De PFAA die aanwezig was in de atmosferische component was veel hoger dan de zeewatercomponent, bevestigt dat transport over lange afstand en depositie vanuit de atmosfeer de belangrijkste bron van deze chemicaliën naar het afgelegen Noordpoolgebied is, in plaats van het 'recyclen' van oudere voorraden van deze verontreinigende stoffen die aanwezig zijn in oceaanwateren.
Verder, de onderzoeken van het team uitgevoerd in een zee-ijsfaciliteit aan de Universiteit van East Anglia, ontdekte dat de aanwezigheid van pekel (zeer zout water) in jong ijs dient om verontreinigingen zoals PFAS in verschillende lagen in het zee-ijs te verrijken. PFAS zoals andere organische verontreinigende stoffen, bevinden zich over het algemeen in de pekel in plaats van in de vaste ijsmatrix zelf. Naarmate het ijs ouder wordt, wordt de pekel geconcentreerder, wat resulteert in een verrijking van deze verontreinigende stoffen in gerichte gebieden binnen het ijspak.
Langdurige dooiperiodes, vooral als de ijsschotsen nog bedekt zijn met sneeuw, resulteert in de hermobilisatie van de ijspekel en ook de interactie van smeltwater van sneeuw met de pekel. Dit kan resulteren in een duidelijke afgifte van PFAA's in het onderliggende zeewater.
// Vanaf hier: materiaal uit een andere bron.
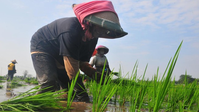 Intip Buruh Tani Tandur Padi di Kudus Meski Musim Kemarau
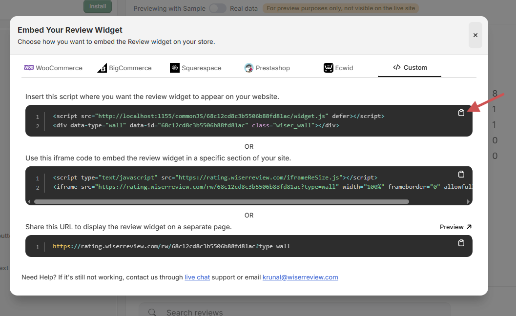 Step 2: Customize WiserReview Widget Design and Settings
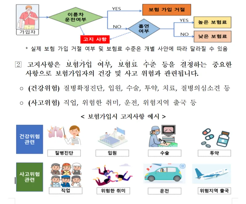 < 고지사항에 따른 보험가입 및 보험료 결정 예시* >
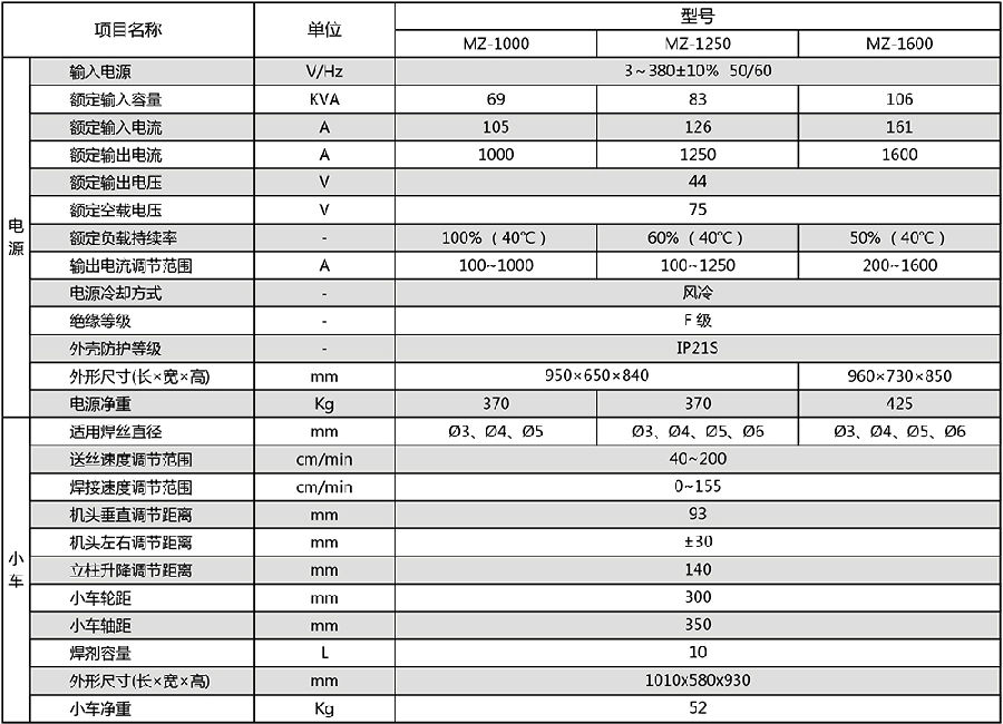 MZ-1000/1250/1600 晶閘管式自動埋弧焊機

Pekelkanalen aan de onderkant van ijs dienen als unieke habitat voor organismen aan de basis van het mariene voedselweb, en, als gevolg, ze zullen worden blootgesteld aan hoge niveaus van PFAA's die vrijkomen bij pekelafvoer en smeltwater uit het ontdooiende ijspak.
Prof Halsall, co-auteur van het recente Arctic Monitoring Assessment Program (AMAP) rapport over "POPs and Chemicals of Emerging Arctic Concern:The Influence of Climate Change, " zegt dat we een ongelukkige situatie hebben waarin de Noordelijke IJszee nu wordt gedomineerd door eenjarig ijs ten koste van meerjarig ijs als gevolg van de opwarming van de aarde. Dit betekent dat het grootste deel van het ijs in het Noordpoolgebied de vorige winter is gevormd, in plaats van over vele jaren.
Dit eenjarige ijs bevat veel mobiele pekel die in wisselwerking staat met de bovenliggende sneeuwlaag en kan dienen om verontreinigende stoffen zoals PFAS te concentreren, die meestal op zeer lage niveaus worden aangetroffen.
Helaas, met eerdere en meer grillige dooigebeurtenissen, dit kan leiden tot het snel vrijkomen van de opgeslagen chemicaliën, wat resulteert in hoge concentraties in de wateren rond de ijsschotsen.
Alleen door dit soort onderzoekswetenschap kunnen we de dynamiek van het gedrag van vervuilende stoffen begrijpen en de belangrijkste gevaren identificeren, vooral die met betrekking tot klimaatverandering.
Dit kan op zijn beurt leiden tot internationale wetgeving, zodat chemicaliën die dit soort gedrag vertonen, worden verboden.